A judge ordered him to home confinement with electronic monitoring. His
computers and guns were confiscated, WCBS reported.
Investigators
identified Fanelli in October 2013 while investigating peer-to-peer networks
being used to download sexually explicit content.
"We
moved rather swiftly given his prominence in the community, his trust that had
been placed upon him by those in the community and his close relationships with
the community," Hayes told CNN.
As
police executed a search warrant at his home Thursday, Fanelli voluntarily told
investigators that he began viewing child pornography about one year ago.

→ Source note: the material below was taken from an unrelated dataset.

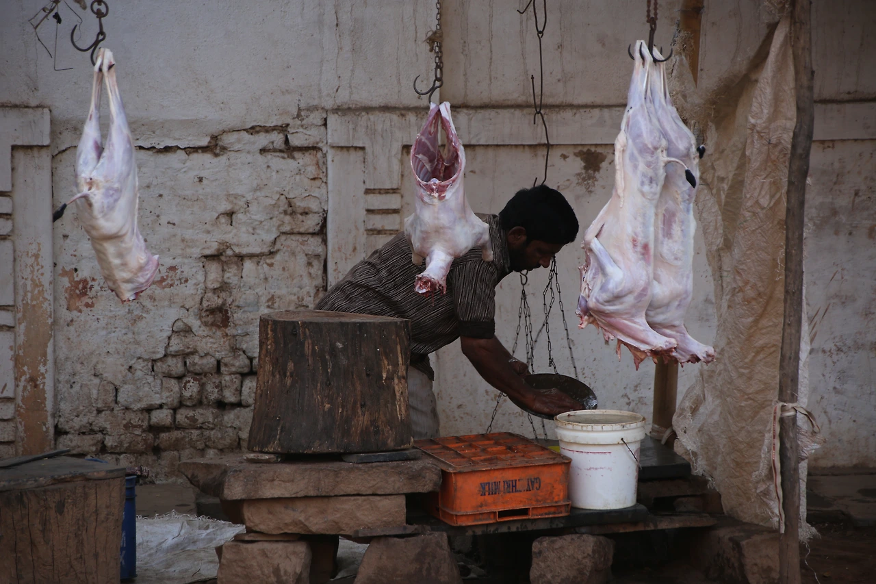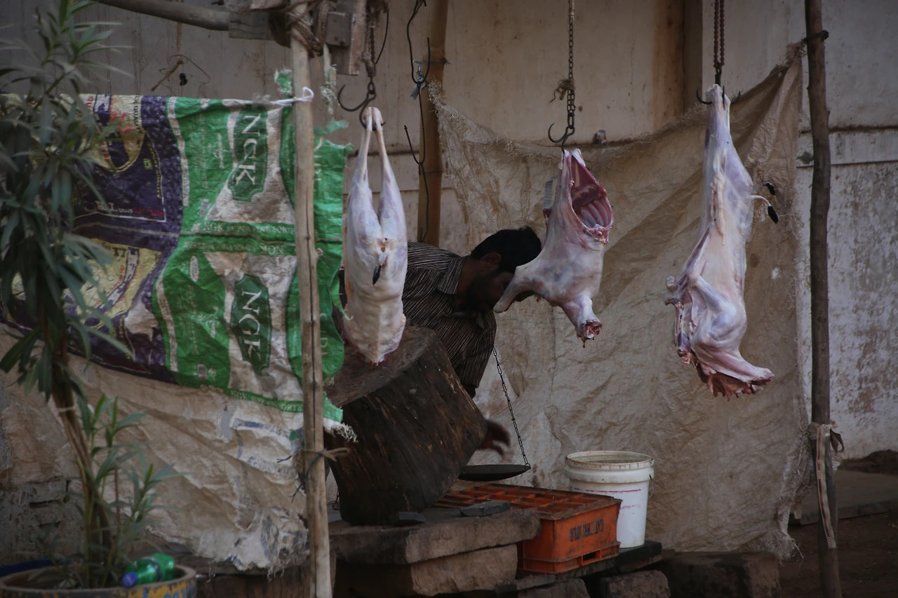 위생이라는 단어는 필요 없어 보이는 나무토막 도마와 녹슨 갈고리에 걸린 생고기가 그야말로 노 프라블럼입니다. 꼬랑지 끝의 털을 보니 무엇이지 짐작이 가는군요.

Fanelli told investigators that he first started collecting the child porn as
research for a sexual abuse awareness program he taught to elementary and
middle-school students. But he said he later continued downloading it for
personal interest , according to the office of U.S. Attorney for the Southern
District of New York Preet Bharara.
Fanelli
had worked for the police department in Mount Pleasant, a town about 30 miles
north of New York City, since November 1981, according to Joan Maybury, the
town supervisor.
He
has been suspended as chief, a post he took in November -- one month after he
became the target of the child porn investigation.
"The
fact of the matter is the general public impression of people who commit these
crimes is [that of] an unemployed pervert in his mother's basement," Hayes
said. "That's not our experience. We're finding that the people who commit
these crimes are educated professionals, people in many different fields, and
unfortunately this is not the first law enforcement officer that we've arrested
for this crime."
Homeland
Security investigators have been more involved in child pornography cases in
recent years because they often involve the transmission of sexually explicit
images of children from outside the United States, Hayes said.
Fanelli
faces a maximum sentence of 10 years in prison and a maximum fine of $250,000
if convicted, according to the statement.